I've lost count honestly, running 1-2 year old paper github repos with some detail missing (like the Python version!) that make it non-trivial to run as is. Libraries make undocumented breaking changes, wrong pickle format, authors used a nightly version which didn't make it to a tagged version, and so on.
This perhaps says also something about the CS (versus software eng) background that most people engaging in DL publishing have.
Are those things enjoyable? Or is hacking and playing with ideas enjoyable?
Huge portions of PhD students spent time as software engineers prior to starting their programs. It's not about know-how. It's about not being paid to engineer systems in addition to doing research.
Fewer than 1 in 100 labs have dedicated software engineers, and PhD students are paid $30K/yr. There's no way in hell most of them are going to spend their time doing dependency management or setting up CI/CD pipelines for that salary. If they wanted to spend their time doing software engineering, then can (and would) move to an industry SWE job at 10x the total comp.
1. similar open data exists, great, just publish a sample implementation
2. if not the first task is to generate such an open data set
Edit: formatting
This is a problem because cherry picking is essentially built into the frame work.
If I was building ranking algorithm and just kept picking a random seed to arbitrarily sort a list of numbers until it was correct, most people would consider that obviously cheating. However if I did the same thing but stuck 3 dense matrices between the seed and the list to be ranked it would considered AI.

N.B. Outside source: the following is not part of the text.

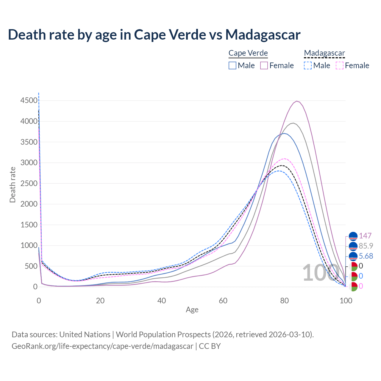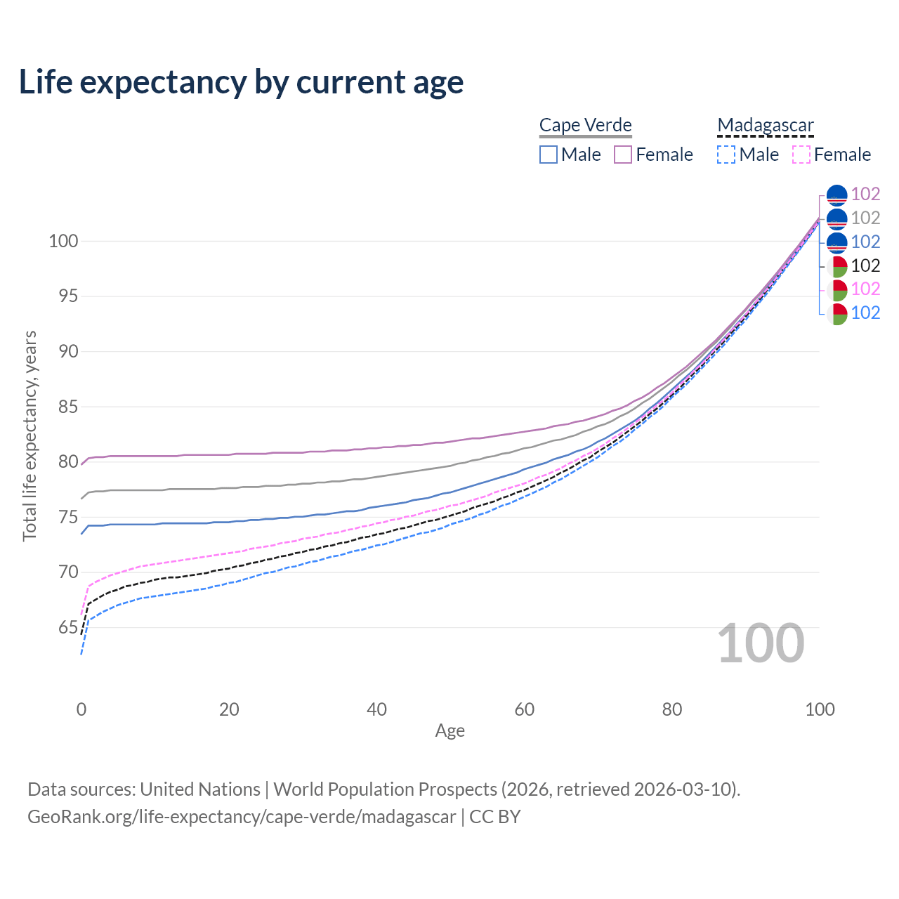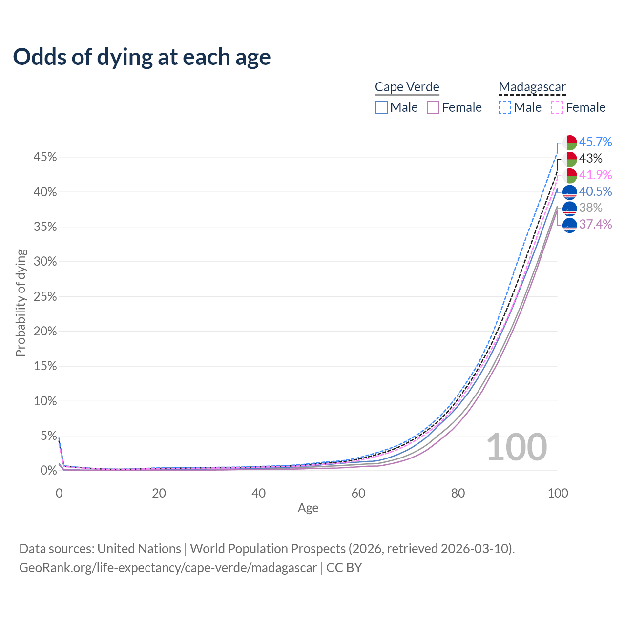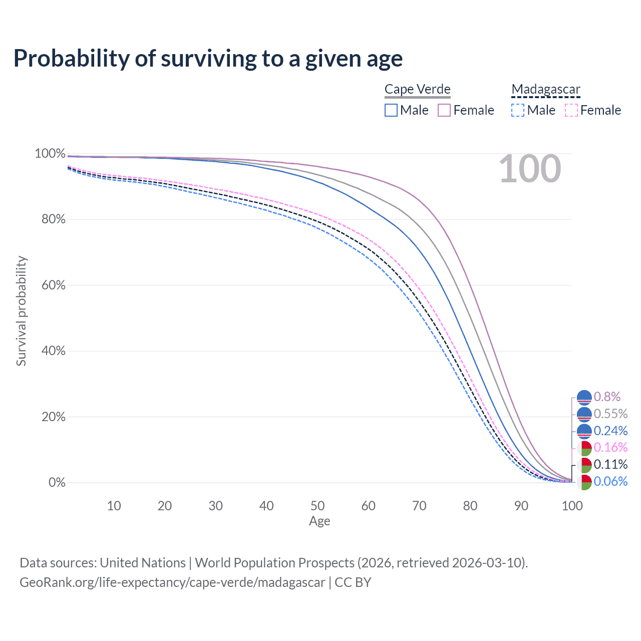 This life expectancy calculator shows the odds of living to 100, 95, 90, and below based on current age for both males and females in Cape Verde and Madagascar, along with mean and median age of death. The calculations are based on the 2026 life tables (actuarial tables) from the UN World Population Prospects.

With that being said, this is not an excuse for refusing to share paper code or making sure the experiments are reproducible.
In these situations, I have suggested releasing anonymous implementations after the paper is accepted just to get the code out there. I am not certain this is the right thing to do!
Give me a one liner huggingface or torchhub, or a working google colab. Or I'm probably nexting your work and trying the second and third best model instead.
Imagine isolated code dumps without the shared history leading to nightmare merge conflicts…
I think this makes its really hard for anyone not steeped in experience to parse through the outputs of the spraying firehouse, and organize their thinking rigorously — thereby fragilizing the field’s intellectual output in a vicious cycle.
I don't think this is what a rejection means. Papers are accepted and rejected from the challenge depending on whether they do a good and thorough job of attempting to replicate the original work, not depending on whether or not they succeed.
Even WITH code supplied by the authors, this was always a struggle. It'd usually take about a week or so just to get their github project out of dependency hell and actually run at all.
And if it needed to be reproduced in another framework, I'd really really want some kind of demo code just to clarify what exactly the authors were trying to describe. Especially if their descriptions had holes or discrepancies that only became clear when trying to fit the pieces together.
I remember trying to reproduce a couple of object tracking papers from the same authors, one with an overly complex and poorly defined feature set, the other with a glaring mistake/omission that forced my team to redesign the model because they described using a certain layer type in a way that made no sense.
There were a few good exceptions that provided nice code, but difficult reproduction seemed to be the norm.
I'm not writing this to defend deep learning. Reproducibility is an incentives problem across ALL of science. We value novelty and prestigious publications over everything. Nobody wants to fund "boring" research that reproduces existing results. To fix academic science, we need to reward reproducible research and fund groups such that they're capable of performing it.